__WHAT THE EXERCISE ASKS__
With both ends included, repeat exactly the lines of the entries below from the one containing "Little Snitch for" down to the one containing "新華社紐約5月3日電 美國約", and no others.

__MATERIALS PROVIDED__

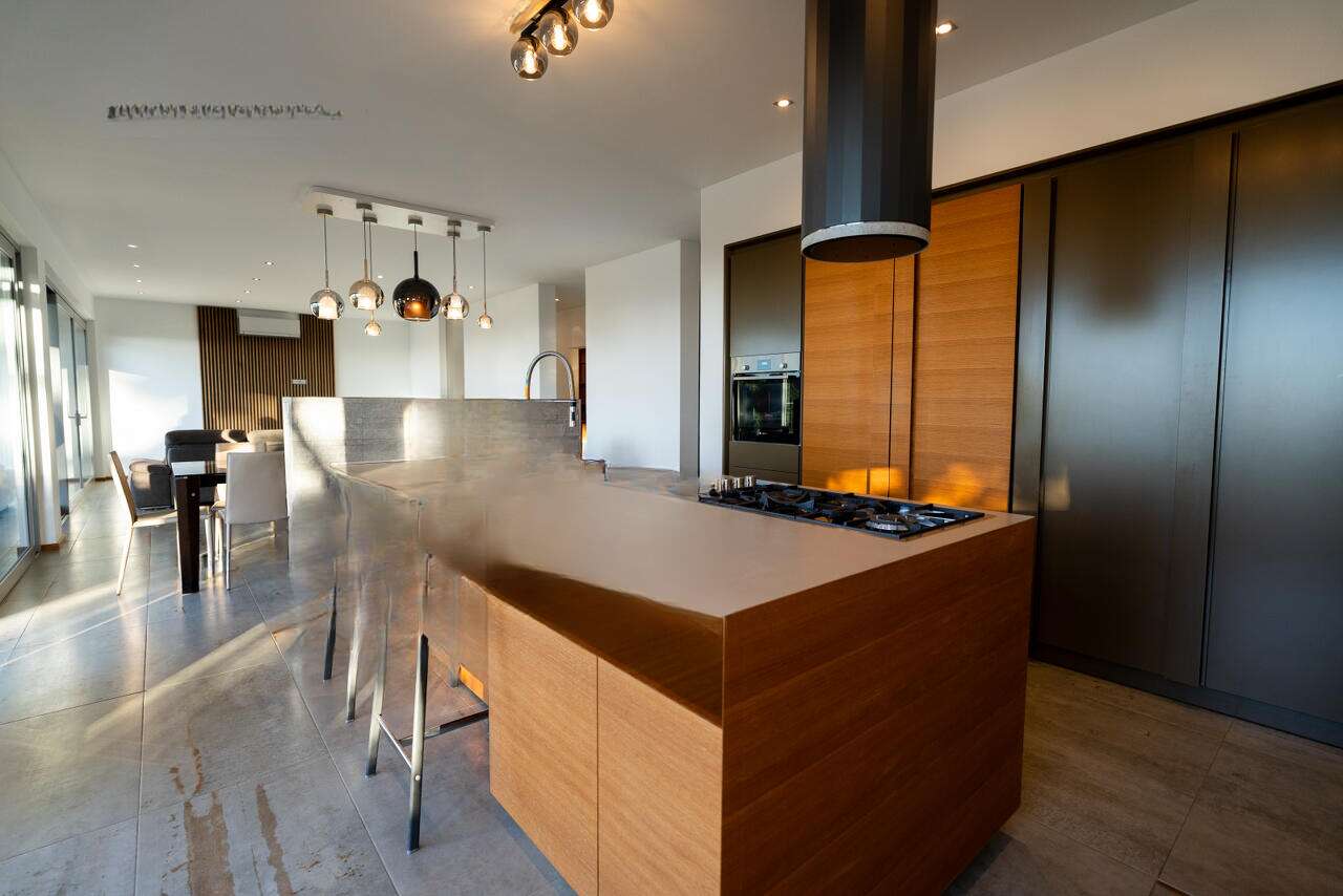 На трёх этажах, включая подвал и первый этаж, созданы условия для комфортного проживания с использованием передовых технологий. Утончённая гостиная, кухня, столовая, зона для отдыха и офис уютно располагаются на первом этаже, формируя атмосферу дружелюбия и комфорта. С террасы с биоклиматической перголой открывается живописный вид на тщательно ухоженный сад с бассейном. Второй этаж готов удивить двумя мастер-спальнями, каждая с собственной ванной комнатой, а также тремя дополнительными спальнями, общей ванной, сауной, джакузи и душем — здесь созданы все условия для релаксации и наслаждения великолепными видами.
...
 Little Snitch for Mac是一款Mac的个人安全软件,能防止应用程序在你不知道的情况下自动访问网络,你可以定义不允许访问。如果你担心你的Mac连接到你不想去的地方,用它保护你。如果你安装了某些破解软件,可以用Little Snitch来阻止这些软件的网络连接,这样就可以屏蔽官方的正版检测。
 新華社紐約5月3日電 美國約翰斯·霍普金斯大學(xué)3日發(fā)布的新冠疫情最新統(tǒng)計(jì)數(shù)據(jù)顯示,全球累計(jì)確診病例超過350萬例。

__WRITTEN SOLUTION__
 Little Snitch for Mac是一款Mac的个人安全软件,能防止应用程序在你不知道的情况下自动访问网络,你可以定义不允许访问。如果你担心你的Mac连接到你不想去的地方,用它保护你。如果你安装了某些破解软件,可以用Little Snitch来阻止这些软件的网络连接,这样就可以屏蔽官方的正版检测。
 新華社紐約5月3日電 美國約翰斯·霍普金斯大學(xué)3日發(fā)布的新冠疫情最新統(tǒng)計(jì)數(shù)據(jù)顯示,全球累計(jì)確診病例超過350萬例。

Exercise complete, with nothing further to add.